According to research from the University of Chicago, the pandemic has wreaked havoc on older people—particularly those who are 50 years of age and older. The research concludes, “Early retirement [is] a major force in accounting for the decline in the labor-force participation. With the high sensitivity of seniors to the Covid-19 virus, this may reflect, in part, a decision to either leave employment earlier than planned due to higher risks of working or a choice to not look for new employment and retire after losing their work in the crisis.”

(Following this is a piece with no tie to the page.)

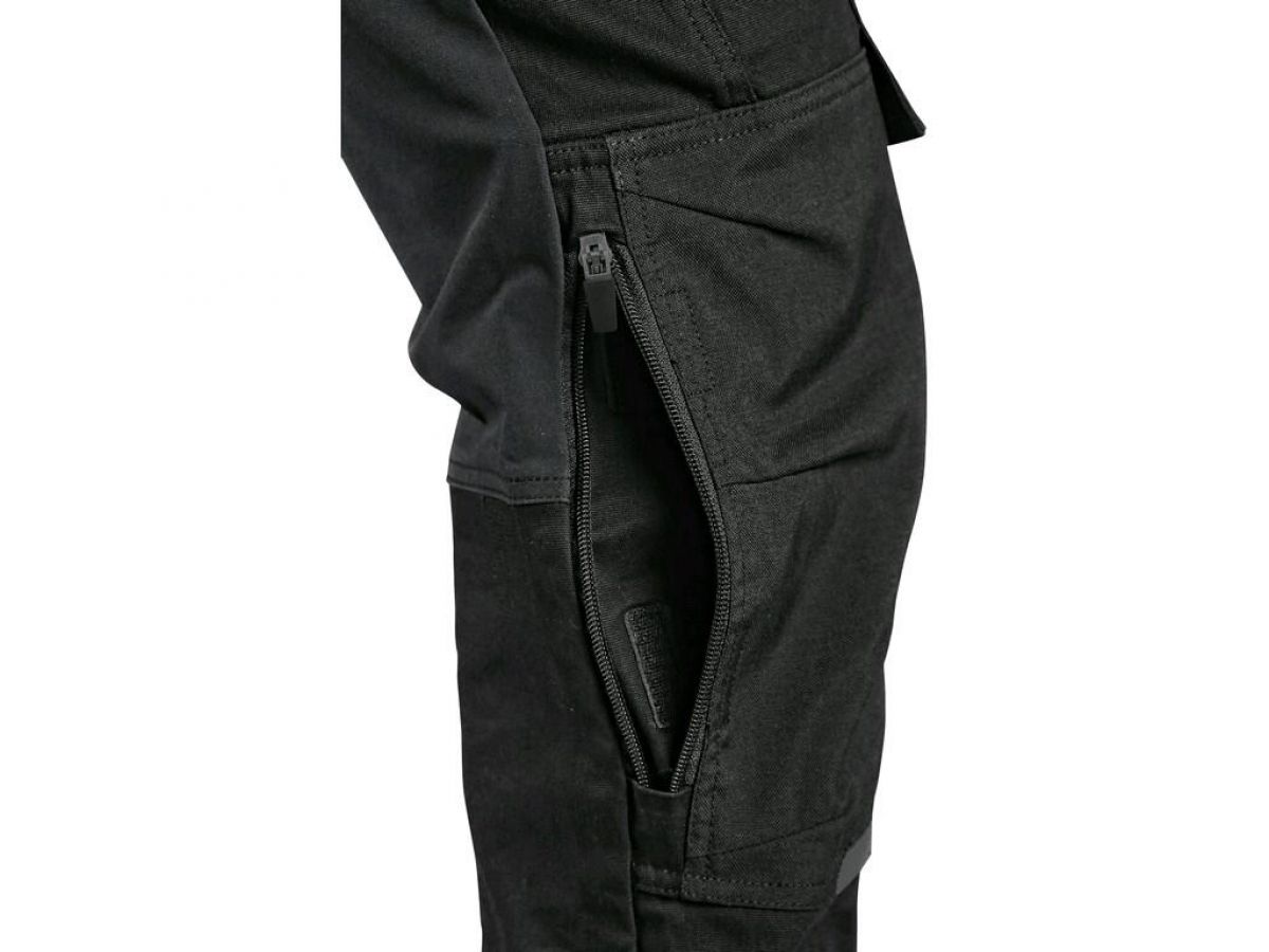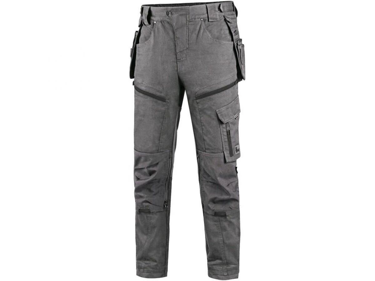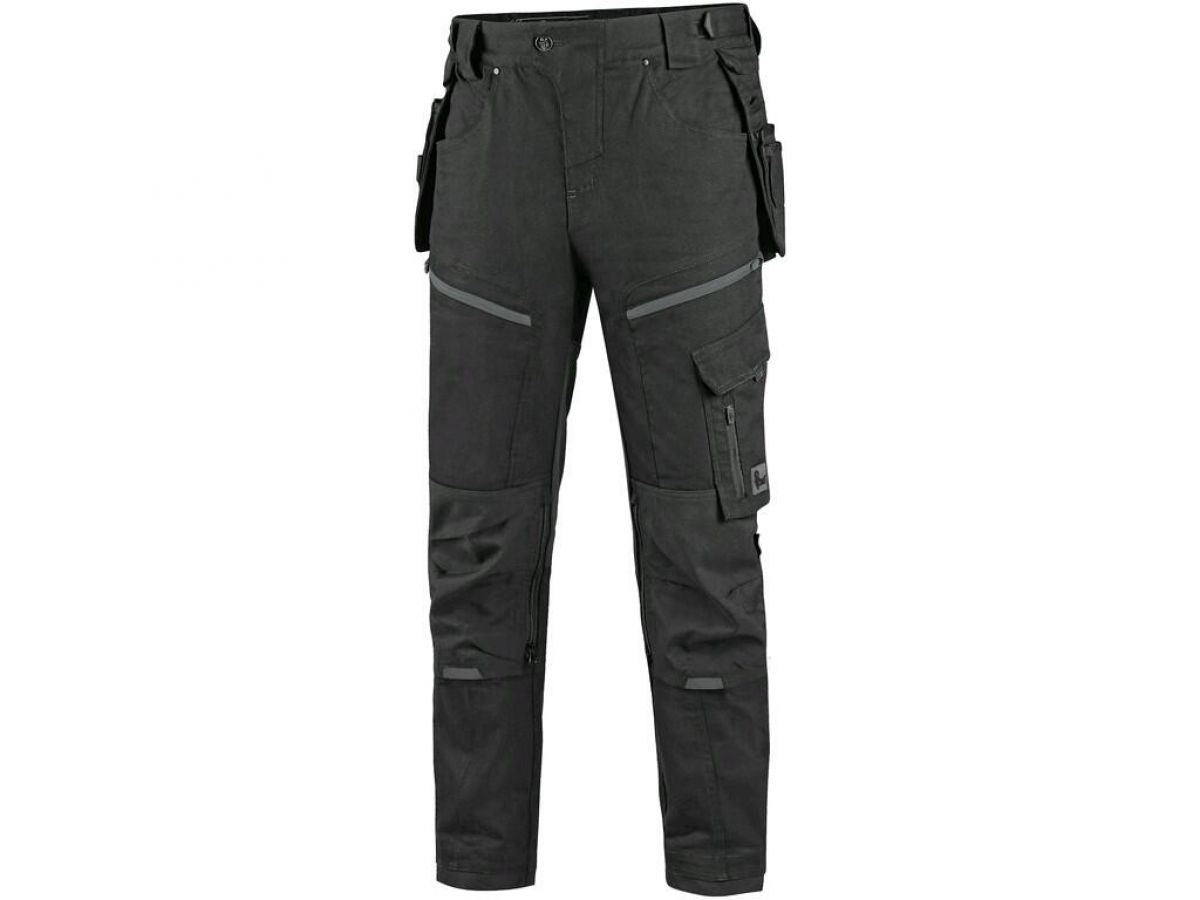 Pánské pracovní kalhoty moderního střihu slim-fit. Kombinace kvalitního směsového materiálu s elastanem a 4-way stretch materiálu v exponovaných místech umožňuje volný a pohodlný pohyb. Vybavení kalhot: flexibilní pas s možností upravení velikosti a poutky na opasek, na vnitřní straně pasu protiskluzový potisk, 2 přední kapsy, 2 odnímatelné kapsy na nářadí vyztuženy materiálem CORDURA®, stehenní zipové kapsy s možností ventilace, boční kapsa se zipovou kapsou, 2 zadní kapsy (jedna zipová) vyztuženy materiálem CORDURA®, kapsa na skládací metr s dalšími přihrádkami, ergonomicky tvarovaná kolena zesílena materiálem CORDURA® s možností vložení kolenních výztuh bočním vkládáním a ventilací, kapsa na ID kartu, spodní část nohavic vyztužena materiálem CORDURA®, reflexní doplňky. Kalhoty umožňují prodloužení střihu na vyšší postavu uvolněním švu na nohavicích. Doporučené použití: strojírenství, stavebnictví, lehký průmysl, automobilový průmysl, logistika, skladování, spedice, autoservisy, údržba, montáže, zemědělství, zahrada, hobby a volný čas.

A big challenge for older people is that the vast majority of Americans lack the money needed to sustain them in retirement, especially as life expectancy has increased. The Federal Reserve Bank says that around 44% of Americans self-report that their retirement savings are not on track and 25% don’t have pensions or retirement savings. 

The lack of corporate pensions, insufficient savings to retire, questions surrounding the viability of Social Security being around and a continued bias against people of a certain age points toward a frightening future.

The one thing humans all have in common is the fact that we grow older. More attention needs to be paid to this matter. If the confluence of events that conspire to push out seasoned experienced people from the workforce continues to be ignored, this may ultimately happen to you one day.